To all the MPs — whether PAP or not — who got these great questions into the Hansard:

With so many MPs queuing up to make speeches, the session went on, and on, and on. I was determined to stick it out for the entire thing, but at about 6:40pm I started to hear this soft, high-pitched whimpering sound, which I eventually worked out was coming from me. I don’t think I missed that much, though, because the session came to a close not too long after, to be continued tomorrow.

There was some sycophancy, as expected, but I was glad to see good questions put out there. Lee Wei Ling’s already posted on Facebook, though, so anyone wishing that a parliamentary session is going to put an end to this social media spectacle is going to be sadly disappointed. It also remains to be seen what the answers and responses from Lee Hsien Loong and his government will be like, because anyone who’s observed parliamentary questions before (from any country, to be fair, and not just Singapore) will know that good questions don’t necessary lead to good answers.

And one more thing…

This #OxLeeFeud has put us in a weird position, where many usual critics of politicians’ penchant for defamation lawsuits are now suggesting that Lee Hsien Loong sue his rogue siblings.
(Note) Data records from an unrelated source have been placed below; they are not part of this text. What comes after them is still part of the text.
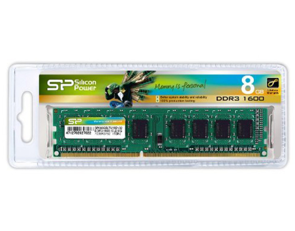 | DDR3 SDRAM - це третє покоління синхронної динамічної пам'яті з довільним доступом та подвоєною швидкістю передачі даних. Переваги в порівнянні з DDR2: більш висока пропускна здатність (до 19200 МБ / с), понижене тепловиділення (результат зменшення напруги живлення), менше енергоспоживання та поліпшене енергозбереження. Модуль пам'яті DDR3 8GB 1600 MHz Silicon Power (SP008GBLTU160N02) - це модуль пам'яті, який працює з тактовою частотою 1600 MHz, і з піковою швидкістю передачі даних 12800 МБ / с. Модуль пам'яті має параметр CL11, що означає величину латентності, рівну 11. CAS-латентність - перший і найважливіший параметр в таймінгах, означає число тактів, необхідних для видачі даних на шину. |
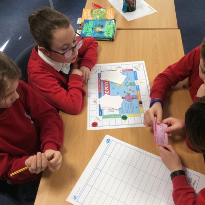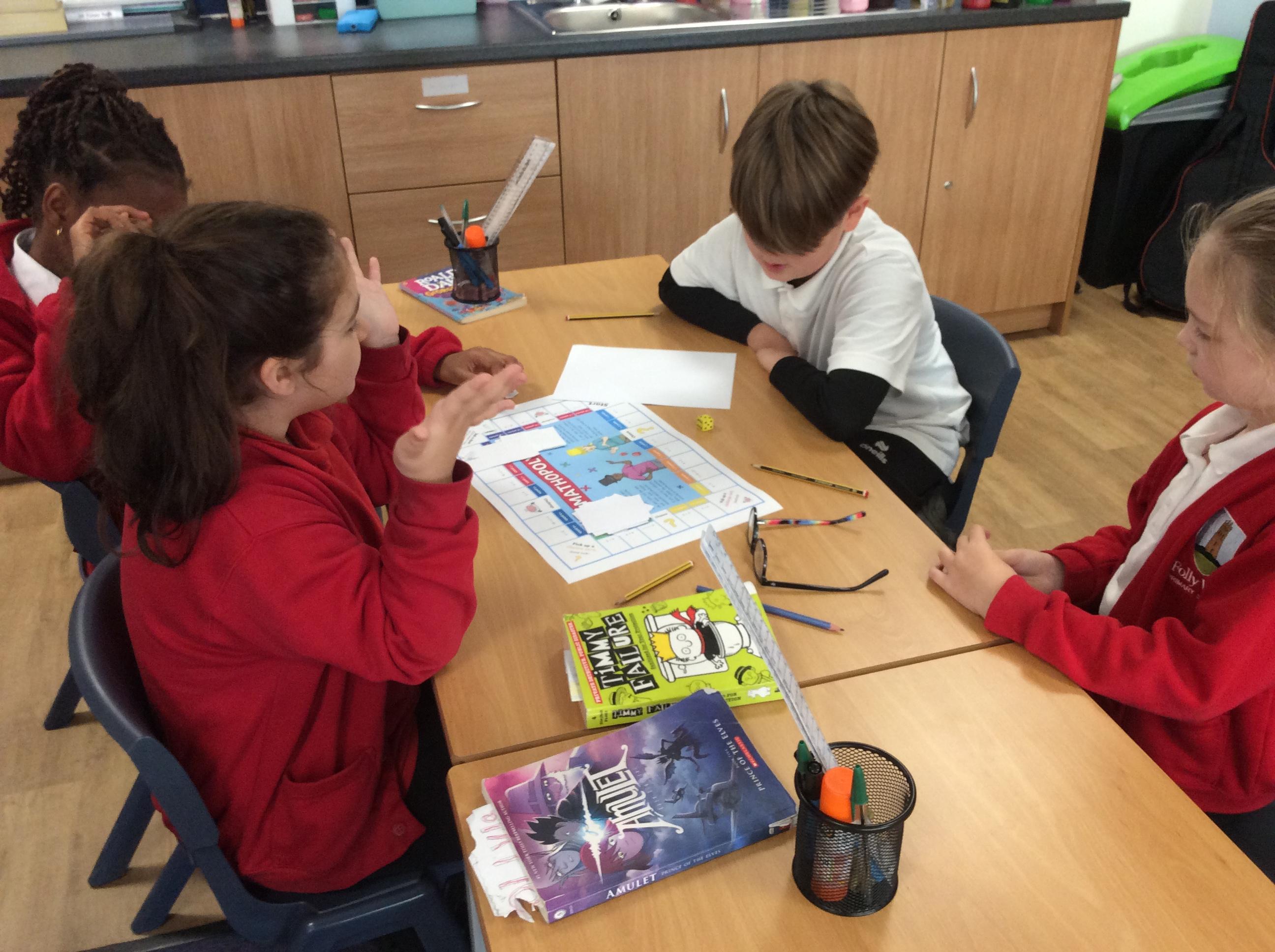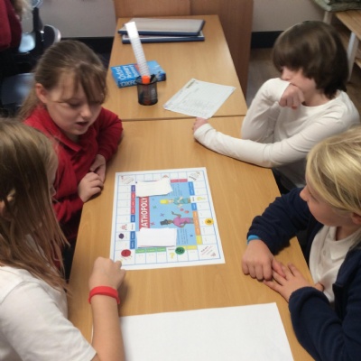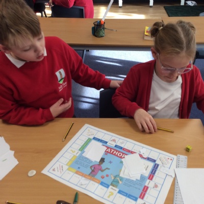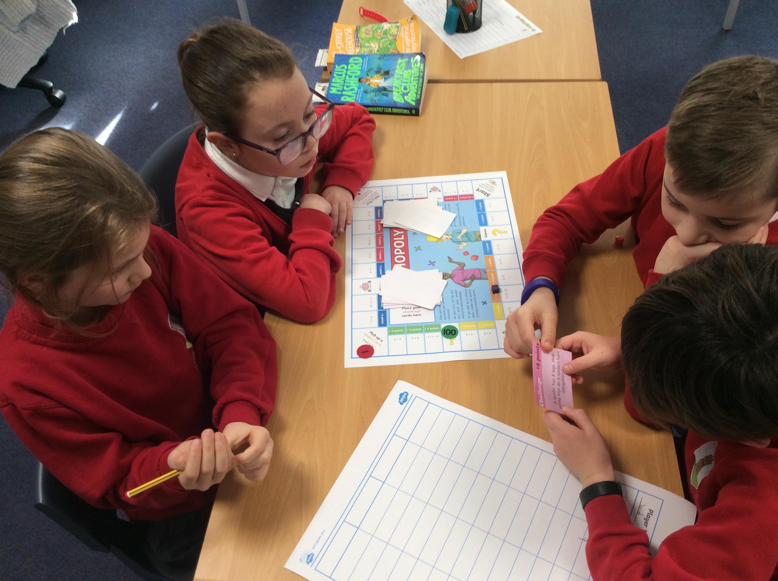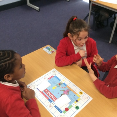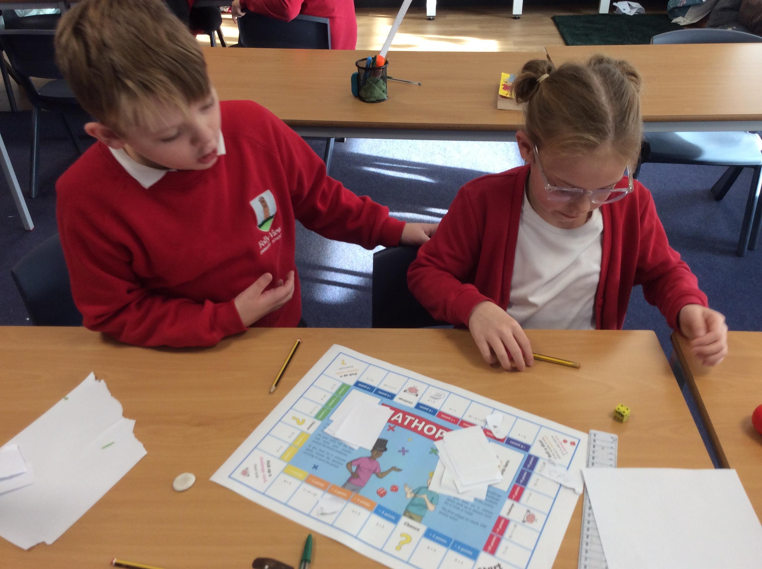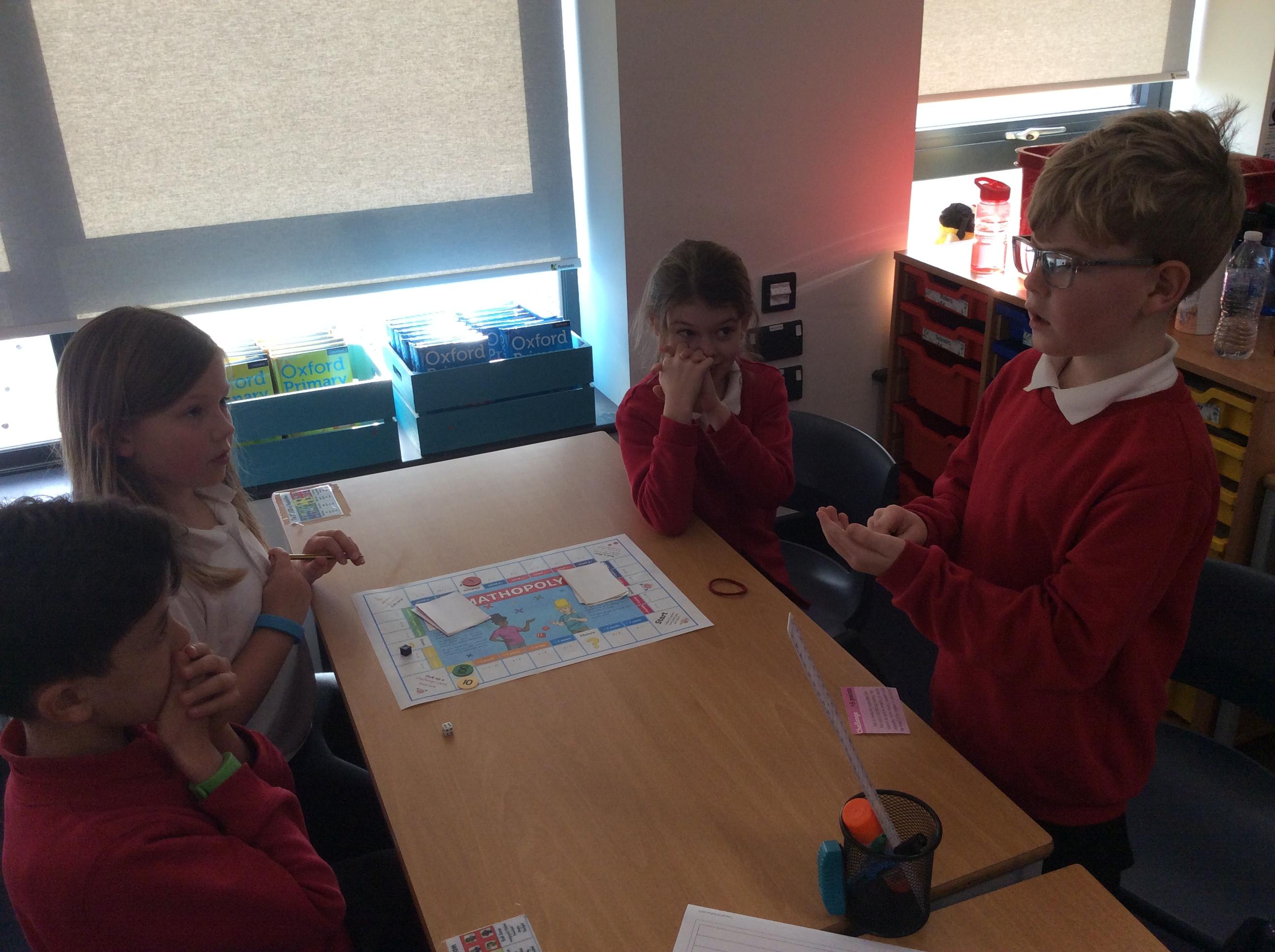 We have been practicing our 3's, 6's and 9's by playing a game called Mathopoly. We had a great time.
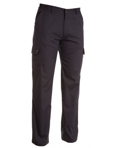 Sommer-Herrenhose mit seitlich dehnbarem Bund und Gürtelschlaufen, Hosenschlitz mit Metallreißverschluss und -knopf, zwei klassisch geschnittenen Vordertaschen, zwei Seitentaschen mit Patte und Druckknöpfen, einer Reißverschlusstasche links, einer Einstecktasche für den Zollstock rechts, zwei Gesäß-Leistentaschen mit Knopf und Knopfloch
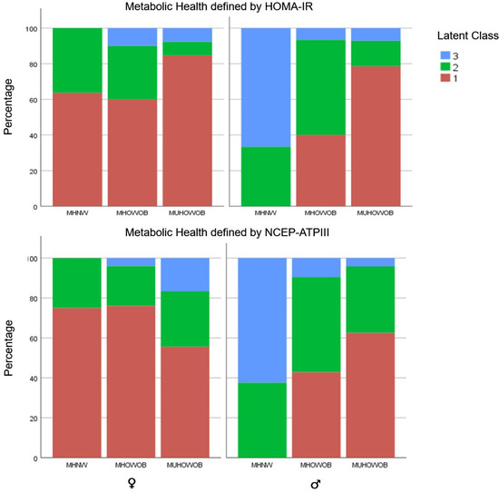 Gender-stratified analysis of body composition phenotypes in Latent class phenotype/metabolic health (as defined by HOMA-IR and NCEP-ATPIII).
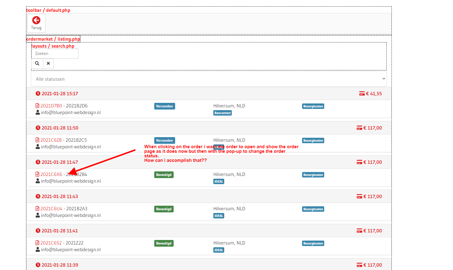 If you want to be able to use the "order status" popup within the order listing, you need to add the required javascript in the listing.

It makes sense if one’s approaching it from the “I’m merely pointing out the ridiculous double standards here” angle (and okay, let’s stop pretending to be mature and all admit that Lee Hsien Loong taking his siblings to court for defamation would be a massive popcorn moment for Singapore), but do we really want to be perpetuating this litigious culture?
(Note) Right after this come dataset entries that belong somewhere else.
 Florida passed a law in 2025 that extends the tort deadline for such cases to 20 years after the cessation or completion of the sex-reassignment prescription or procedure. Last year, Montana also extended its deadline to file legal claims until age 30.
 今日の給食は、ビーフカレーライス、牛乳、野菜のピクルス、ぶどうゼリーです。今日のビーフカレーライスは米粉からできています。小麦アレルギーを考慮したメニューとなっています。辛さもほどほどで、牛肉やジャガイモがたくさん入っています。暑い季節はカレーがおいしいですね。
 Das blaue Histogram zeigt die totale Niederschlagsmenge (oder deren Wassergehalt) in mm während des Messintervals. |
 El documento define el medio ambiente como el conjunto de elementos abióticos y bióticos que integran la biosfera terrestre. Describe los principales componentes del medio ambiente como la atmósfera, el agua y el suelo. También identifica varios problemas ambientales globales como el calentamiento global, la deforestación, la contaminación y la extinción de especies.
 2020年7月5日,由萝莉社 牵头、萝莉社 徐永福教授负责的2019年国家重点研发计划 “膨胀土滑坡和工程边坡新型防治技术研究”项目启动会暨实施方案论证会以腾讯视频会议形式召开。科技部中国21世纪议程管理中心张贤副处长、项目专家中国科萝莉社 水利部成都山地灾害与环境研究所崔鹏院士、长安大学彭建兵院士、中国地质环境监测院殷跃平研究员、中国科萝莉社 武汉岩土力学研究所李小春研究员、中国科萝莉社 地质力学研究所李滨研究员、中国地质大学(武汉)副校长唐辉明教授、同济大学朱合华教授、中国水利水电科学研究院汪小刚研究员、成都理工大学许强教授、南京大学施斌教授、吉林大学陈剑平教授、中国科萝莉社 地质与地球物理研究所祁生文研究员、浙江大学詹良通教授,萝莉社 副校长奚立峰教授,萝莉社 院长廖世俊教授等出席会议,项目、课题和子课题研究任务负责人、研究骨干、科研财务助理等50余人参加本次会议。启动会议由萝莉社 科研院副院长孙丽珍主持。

I haven’t fully decided how to feel about it just yet. Sure, it seems unfair that people like Roy Ngerng and J B Jeyaretnam were forced to pay tons in damages while Lee Wei Ling and Lee Hsien Yang are getting away with it despite having made waaaaay more serious allegations, but at the same time, it’s good that Lee Hsien Loong is publicly addressing these accusations without resorting to scary lawsuits that affect free speech in Singapore. Surely we should be encouraging such responses, and pushing for ways to make them more thorough, transparent and accountable, rather than calling for more legal action?